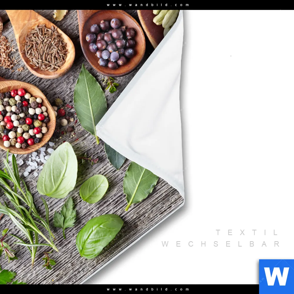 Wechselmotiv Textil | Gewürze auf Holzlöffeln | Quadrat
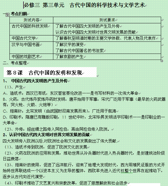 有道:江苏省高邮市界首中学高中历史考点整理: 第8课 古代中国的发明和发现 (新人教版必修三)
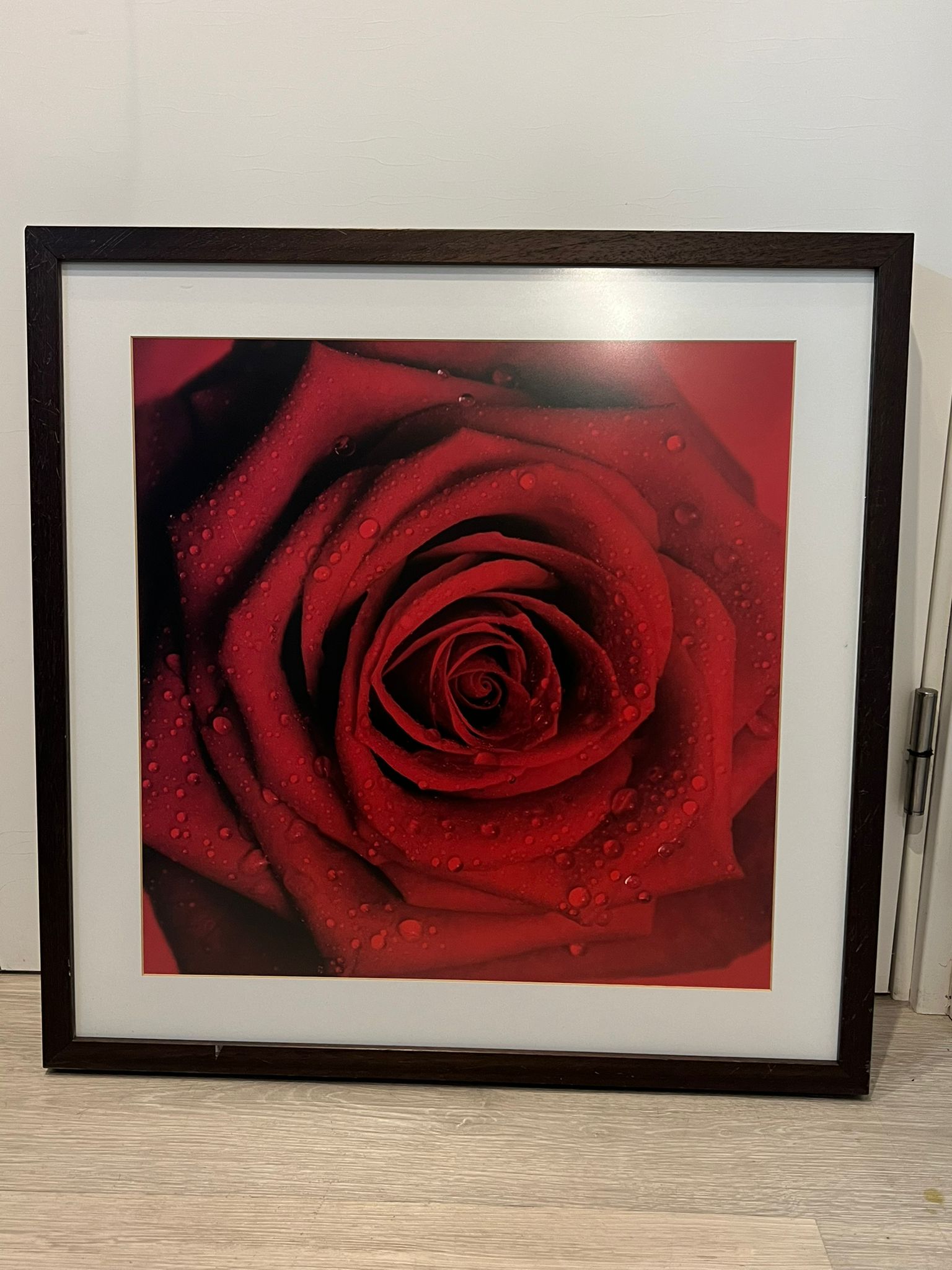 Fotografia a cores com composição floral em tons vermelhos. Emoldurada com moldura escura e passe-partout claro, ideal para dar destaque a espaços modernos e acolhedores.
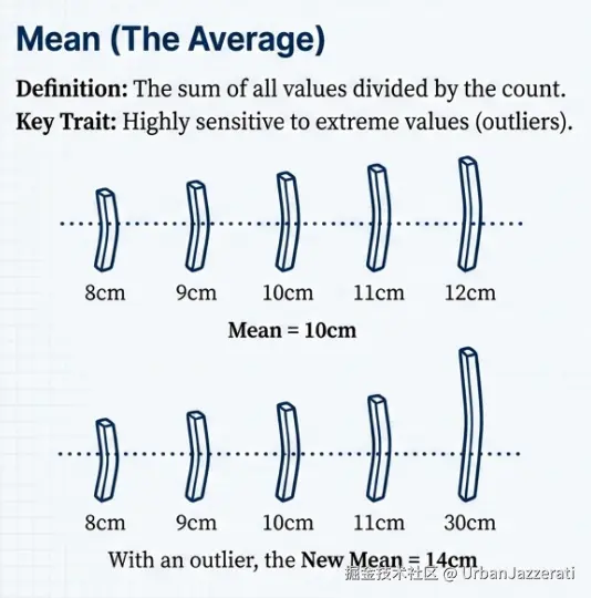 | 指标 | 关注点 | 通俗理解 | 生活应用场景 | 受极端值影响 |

* ACTIVITY
Beginning with the line that contains "Fotografia a cores" and ending with the last line of the data, restate each line word for word. Exclude the pictures.

* RESPONSE FOR THIS EXERCISE
 Fotografia a cores com composição floral em tons vermelhos. Emoldurada com moldura escura e passe-partout claro, ideal para dar destaque a espaços modernos e acolhedores.
 | 指标 | 关注点 | 通俗理解 | 生活应用场景 | 受极端值影响 |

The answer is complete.